Configuring a Central Store for Group Policy

In this video from ITFreeTraining, I will look at creating a central store for Group Policy. Although it is not required, a central store can ensure that the company as a whole is using the same version of Group Policy. First, we will take a look at the history of Group Policy so we can get a better understanding of how the central store will work.

Show lesson content
Group Policy History
0:20 – Group Policy is divided into two main sections, “Computer Configuration” and “User Configuration”. These sections are divided in sub-sections, and these are “Software Settings”, “Windows Settings” and “Administrative Templates”. This video will focus on administrative templates.

0:40 – The first version of Group Policy utilized ADM files. These ADM files defined the settings in Group Policy. Each time a new Group Policy was created, the ADM files for that Group Policy were duplicated. This means that every Group Policy that was created had its own set of ADM files.

1:00 – When there are multiple group polices, the same ADM file would be copied multiple times. The group policy and its ADM files are stored in the SysVol folder. In a large corporation, there could be a large number of group policies, with each group policy having its own set of ADM files. The SysVol folder is replicated to every Domain Controller in the domain. This makes the SysVol very large with a lot of duplicate files in it.

ADMX Files
1:34 –ADMX files are different from ADM files in that they are referenced by Group Policy as opposed to being stored by Group Policy. Let’s think about a single Group Policy. You’ll see that the ADMX file would be stored on the local computer or out on the network in the SysVol folder. So the ADMX files are stored locally or centrally within the network, making it easier for the administrator to keep ADMX files current and with a significant reduction in the SysVol folder size. We’ll now switch over to a server running Windows 2012 R2 and take a deeper dive.
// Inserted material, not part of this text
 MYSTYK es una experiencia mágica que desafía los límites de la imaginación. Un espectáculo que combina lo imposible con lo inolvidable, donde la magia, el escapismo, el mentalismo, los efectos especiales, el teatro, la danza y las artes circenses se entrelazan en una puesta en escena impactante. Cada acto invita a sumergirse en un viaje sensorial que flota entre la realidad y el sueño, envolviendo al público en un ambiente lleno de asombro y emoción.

We’ll review how to centralize the ADMX files and keep them up to date as changes are made.

2:20 – To see where ADMX files are currently being stored, first of all, I will open Server Manager from the quick launch bar.

2:26 – I’ll then select “Group Policy Management” from the “Tools” dropdown.
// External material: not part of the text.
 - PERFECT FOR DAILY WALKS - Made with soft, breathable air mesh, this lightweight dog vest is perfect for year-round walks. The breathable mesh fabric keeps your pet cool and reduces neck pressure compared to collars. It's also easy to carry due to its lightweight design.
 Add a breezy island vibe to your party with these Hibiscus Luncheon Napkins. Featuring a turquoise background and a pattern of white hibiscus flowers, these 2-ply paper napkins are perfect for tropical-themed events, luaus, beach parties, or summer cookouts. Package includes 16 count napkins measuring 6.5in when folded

2:30 – With Group Policy Management open, I’ll right click on the Default Domain group policy and select Edit.

2:40 – Once the Group Policy has opened, I will expand “Policies” and then select “Administrative Templates”. On the right, you will see the text “retrieved from local computer”.
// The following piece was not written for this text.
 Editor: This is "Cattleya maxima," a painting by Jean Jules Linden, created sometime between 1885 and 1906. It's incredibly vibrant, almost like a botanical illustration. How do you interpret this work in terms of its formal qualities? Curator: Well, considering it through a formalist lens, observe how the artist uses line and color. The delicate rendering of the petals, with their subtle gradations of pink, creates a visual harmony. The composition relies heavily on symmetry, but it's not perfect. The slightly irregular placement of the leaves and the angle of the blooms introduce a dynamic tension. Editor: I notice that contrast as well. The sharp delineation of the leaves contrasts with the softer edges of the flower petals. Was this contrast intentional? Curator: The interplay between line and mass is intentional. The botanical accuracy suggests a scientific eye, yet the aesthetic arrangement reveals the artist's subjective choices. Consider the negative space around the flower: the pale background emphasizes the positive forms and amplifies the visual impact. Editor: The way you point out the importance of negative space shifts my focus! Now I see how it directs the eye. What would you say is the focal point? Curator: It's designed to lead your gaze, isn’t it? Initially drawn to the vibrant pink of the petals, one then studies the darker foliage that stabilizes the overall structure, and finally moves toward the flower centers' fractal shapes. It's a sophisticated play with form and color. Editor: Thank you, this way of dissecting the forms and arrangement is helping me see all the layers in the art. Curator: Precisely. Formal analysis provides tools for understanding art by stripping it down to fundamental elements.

2:50 – Currently the ADMX files are being retrieved from the local computer. Later on, we’ll review placing them in a different, centralized area on the network.

3:00 – Either way, storing ADMX files either locally or on the network is more efficient than the ADM files that were stored with the Group Policy.

3:10 – I’ll now go ahead and open the Windows Explorer to take a look at where ADMX files are stored.

3:16 – I will open the c drive, then the Windows folder followed by the folder “PolicyDefinitions”.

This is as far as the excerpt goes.